Сколько слов о добром и вечном сыпалось вокруг меня; сеялись семена; я ими был засыпан. Среди кого я рос? У кого сидел на коленях? У Максима Ковалевского: сидел, и поражался мягкостью его живота; и я игрывал… под животом Янжула; Жуковский, Павлов, Усов, Стороженко, Анучин, Веселовский, Иванюков, Троицкий, Грот, Умов, Горожанкин, Зернов и прочие, прочие, прочие из стаи славной роились вокруг меня; не быт, а — «кладовая» с семенными мешками; но я, будучи «Боренькой», никак не мог развязать этих туго набитых семенами мешков; и весь перемазался пылью, их покрывающей; и эта пыль — быт квартир, в которых держались мешки с семенами; пыль была ужасна; «Танечке» на расстоянии подавалась горсточка зернышек; поживи она в кладовых, где держалось зерно, она, вероятно, не осталась бы… «Танечкой».
В недрах этих кладовых и был врублен в меня рубеж Двух столетий, проведший грань между Танечкой, которую увел… от начала века Виктор Александрович Гольцев, и мною, без Виктора Александровича, под кривою улыбкою Виктора Александровича, этот рубеж переступившим. Скажу заранее: 1901 год, первый год новой эры, встречали, как новый, весьма немногие; для нас с Блоком он открыл эру зари, то есть радостного ожидания, ожидания размаха событий; большинство встретили этот год обычным аллегорическим завитком пожелания новогоднего счастья; щелкнула ровно в двенадцать бутылка шампанского; и — все; чего же еще?
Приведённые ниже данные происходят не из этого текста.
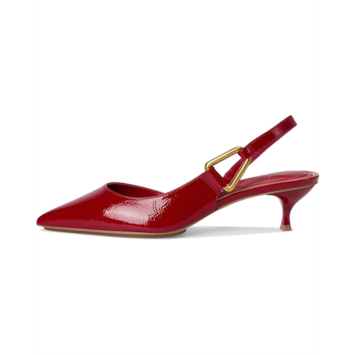 The Vince Camuto Inari Lasso Buckle Slingback Pumps feature a glossy naplack finish that radiates confidence and sophistication. Their sleek, pointed toe shape elongates the leg, while the delicate kitten heels offer a perfect balance of elegance and comfort. A gold-tone geometric accent on the slingback strap adds a modern touch, enhancing its chic appeal. These heeled pumps are made of a leather upper, rubber insole, and polyester lining. Ideal for both day and evening wear, the versatile design of these slingback pumps effortlessly transitions from office attire to special occasions, making them a must-have statement piece in any wardrobe.

Будущее виделось весьма неясно:
Так писал А. Блок.
И я писал в этом же году, еще не имея никакого ясного представления о бытии Блока: «Разве я не вижу, что все мы летим куда-то с головокружительной быстротой» («Симфония»)29
. И в последних днях улетающего столетия я написал последнюю фразу «Северной симфонии», повернутую к новому веку: «Ударил серебряный колокол»30. Для одних щелкала пробка шампанского, как и в прошлом году; другие слышали удар колокола; и гадали, о чем удар; это могли быть и звуки пожарного набата, и звуки марша; о содержаниях звуков гадали мы; наше «да» ведь не имело эмпирики; мы сходились в одном, что кризис — небывалый; и небывалость его протекает в совершенной тишине; в чем кризис? Социал-демократ мог ответить: «Скоро обнаружится социальная действительность, и сорвется фиговый листик с режима благополучия». Философ культуры мог ответить: «Гибель европейской буржуазной культуры». Философ мог сказать так: «Кризис теорий об однолинейном, прямолинейном прогрессе». Кто иной мог неопределенно сказать: «Конец эпохи»; а мистик мог заострить этот конец в конец мира вообще. Гадание о форме кризиса надо отличать от вопроса о наличии кризиса; это наличие для нас, детей рубежа, было эмпирикой переживаемого опыта; а вопрос о формах выявления его в начале века был загадан; и загаданность эту не закрепляли мы в непреложные догмы, а выдвигали ряд рабочих гипотез; утверждали: либо то, либо это. Так и в моей детской «Симфонии» изображены люди, по-разному констатирующие кризис; в «Симфонии» вы не найдете непререкаемого: непременно — то-то, а не это; для одних: «Ждали утешителя, а надвигался мститель» («Симфония»)31. Для других: «На востоке не ужасались; тут… наблюдалось счастливое волнение…» Для иных: «Погребали Европу осенним пасмурным днем» («Симфония»)32. Под всеми этими образами, по-разному рисовавшими кризис, был подан кризис; и в ответ на тему этого кризиса отвечали отцы так, как это изображено в «Симфонии» же: «Во всеоружии точных знаний они могли бы дать отпор всевозможным выдумкам… Но они предпочитают мрак… Какое отсутствие честности в этом кривлянье…» На что другой ученый, побойчей, отвечает: «Дифференциация и интеграция Спенсера обнимает лишь формальную сторону явлений жизни, допуская иные толкования… Ведь никто… не имеет сказать против эволюционной непрерывности. Дело идет лишь об искании смысла этой эволюции» («Симфония»)33.